Dragoș Țânțaru, Elisabeta Oneață, Dan Oneață. Weakly-supervised deepfake localization in diffusion-generated images. WACV, 2024.

Setup

The code depends on Pytorch, which has to be installed separately. For example:

conda create -n dolos python=3.9
conda activate dolos
conda install pytorch==1.13.1 torchvision==0.14.1 torchaudio==0.13.1 pytorch-cuda=11.6 -c pytorch -c nvidia

Then run:

pip install -e .

This repository also integrates code from the following repositories:

Data

Our datasets are available here. They can be downloaded remotely as follows:

wget "https://sharing.speed.pub.ro/owncloud/index.php/s/8kPtPO8efjRMUAG/download" -O dolos-data.zip

After unzipping the dataset, with

unzip dolos-data.zip

set a symbolic link in the root of this repository; for example:

cd /path/to/dolos && ln -s /path/to/wacv_data data

Note. The masks are given as black-and-with images, where black (0) means fake and (white) 255 means real. However, the models below adopt the opposite convention: 0 means real and 1 means fake.

Experiments

In the paper we consider three methods for weakly-supervised localization:

mkdir assets
wget https://github.com/JStehouwer/FFD_CVPR2020/releases/download/v2.0/xcp_reg.tar -O assets/xcp_reg.tar

These three methods are evaluated on three experimental setups:

  • Setup A: a weakly-supervised setup in which we have access to fully-generated images as fakes and, consequently, only image-level labels.
  • Setup B: a weakly-supervised setup in which we have access to partially-manipulated images, but only with image-level labels (no localization information).
  • Setup C: a fully-supervised setting in which we have access to ground-truth localization masks of partially-manipulated images.

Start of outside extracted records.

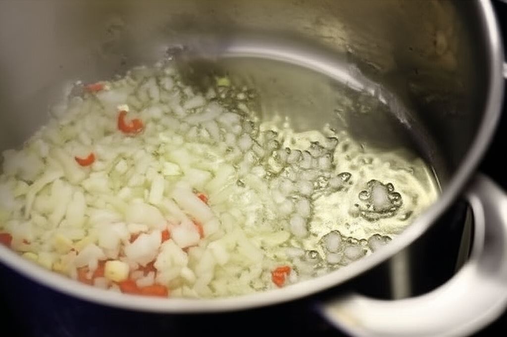Czosnek, chili i cebule drobno posiekaj. Na połowie oliwy podsmaż.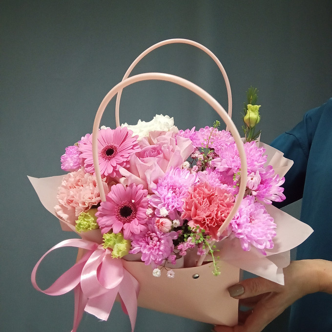 Гербера мини, Диантус, Коробка Трапеция, Лента, Пиафлор / оазис/ флор. губка, Пленка, Роза Французская Эквадор, Хамелациум (Шамелациум), Хризантема кустовая Балтика, Эустома (Лизиантус)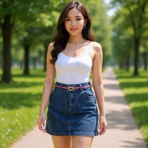 This stylish and versatile stretch denim jean skirt is perfect for adding a touch of retro charm to any wardrobe. It features a classic 90s silhouette, comfortable denim material, and can be styled in various ways, from casual day looks to more dressed-up occasions, with a built-in interlocking belt.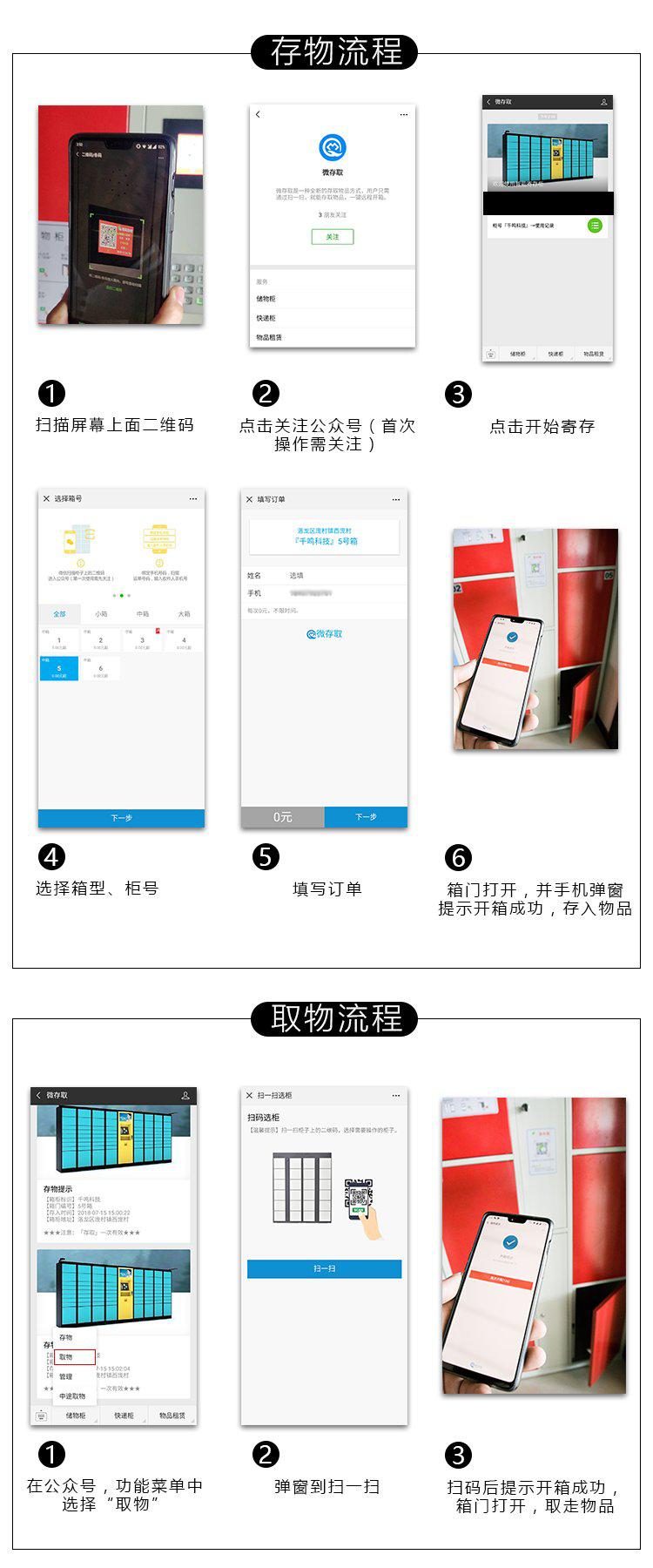 1)使用人在使用微信柜時,首次使用需打開微信掃一掃,掃屏幕二維碼碼關(guān)注公眾號,關(guān)注后進入公眾號內(nèi),點擊“存物”菜單(如圖1-1),掃碼選柜。
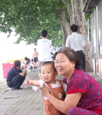 This particular photo was taken in Wuhan beside Wuhan University, at a place where many people go swimming in a lake beside the Yangtze River. In Chinese, the Yangtze is called the "Chang Jiang" ("chawng jeeawng") which means "Long River". As with many lakes in Chinese cities, this one has a well-used strolling path along the side of it, where this Chinese grandmother was having some fun with her grandson.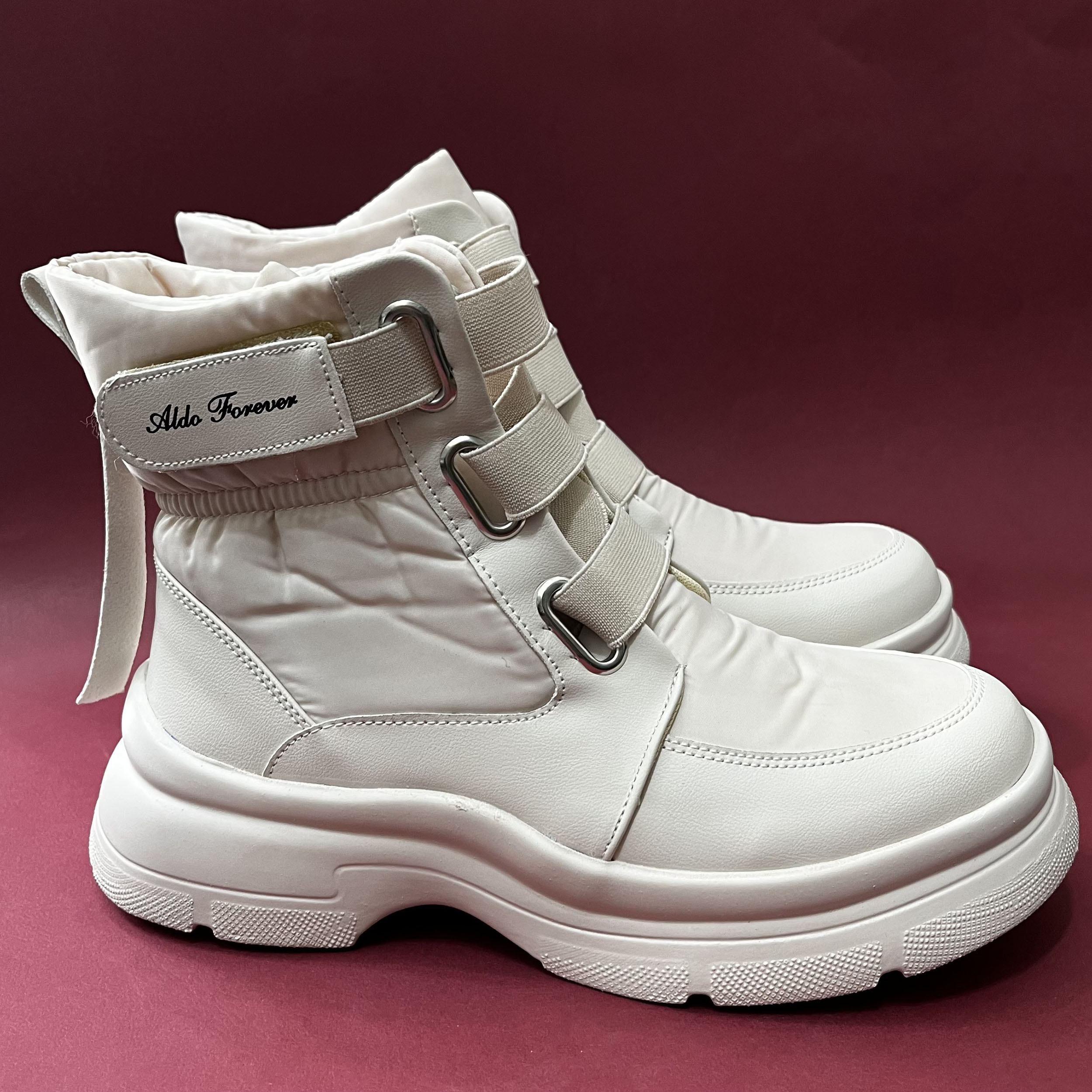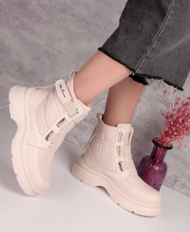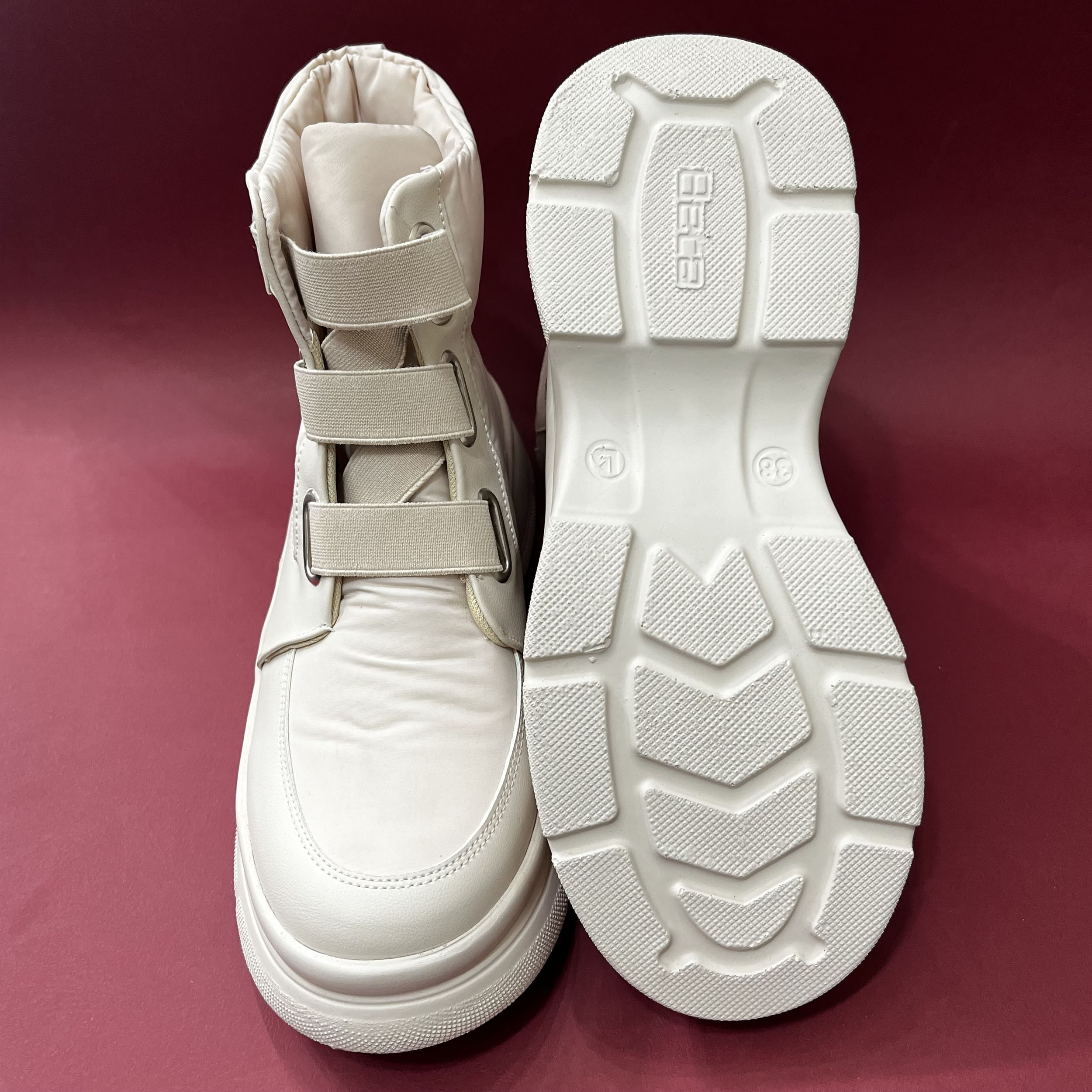 نیم بوت زنانه کاپشنی کشی لژدار رنگ کرم سایز بندی 37 تا 40

The weakly-supervised setups (A and B) are implemented by the train_weak_supervision.py script, while the fully-supervised setup (C) is implemented by the train_full_supervision.py script. For example:

ls dolos/methods/xception_attention/train_weak_supervision.py
ls dolos/methods/xception_attention/train_full_supervision.py

Main experiments (§5.1)

In this set of experiments we evaluate the localization capabilities of the three methods in the three setups. The table below contains links to the scripts that can replicate the experiments in Table 2 from our paper:

Grad-CAM Patches Attention
Setup A run-grad-cam-setup-a.sh run-patches-setup-a.sh run-attention-setup-a.sh
Setup B run-grad-cam-setup-b.sh run-patches-setup-b.sh run-attention-setup-b.sh
Setup C run-grad-cam-setup-c.sh run-patches-setup-c.sh run-attention-setup-c.sh

Cross-dataset experiments (§5.2)

For this setup, we train the Patches model on one source dataset (FFHQ) and evaluate it on another target dataset (CelebA-HQ); note that the generation method is kept fixed (P2 diffusion). Below are the scripts needed to obtain results for the three setups, corresponding to Table 3 in the paper:

Cross-generator experiments (§5.3)

Here we evaluate the Patches detection model across multiple combinations of train-test datasets. For these experiments, we vary the generation method, but keep the source dataset fixed (CelebA-HQ)

To train on a given dataset:

python dolos/methods/patch_forensics/train_full_supervision.py -c repaint-p2-9k

The datasets are specified by a configuration, and can be set to one of the following: repaint-p2-9k, repaint-ldm, lama, pluralistic, three-but-repaint-p2-9k, three-but-repaint-ldm, three-but-lama, three-but-pluralistic.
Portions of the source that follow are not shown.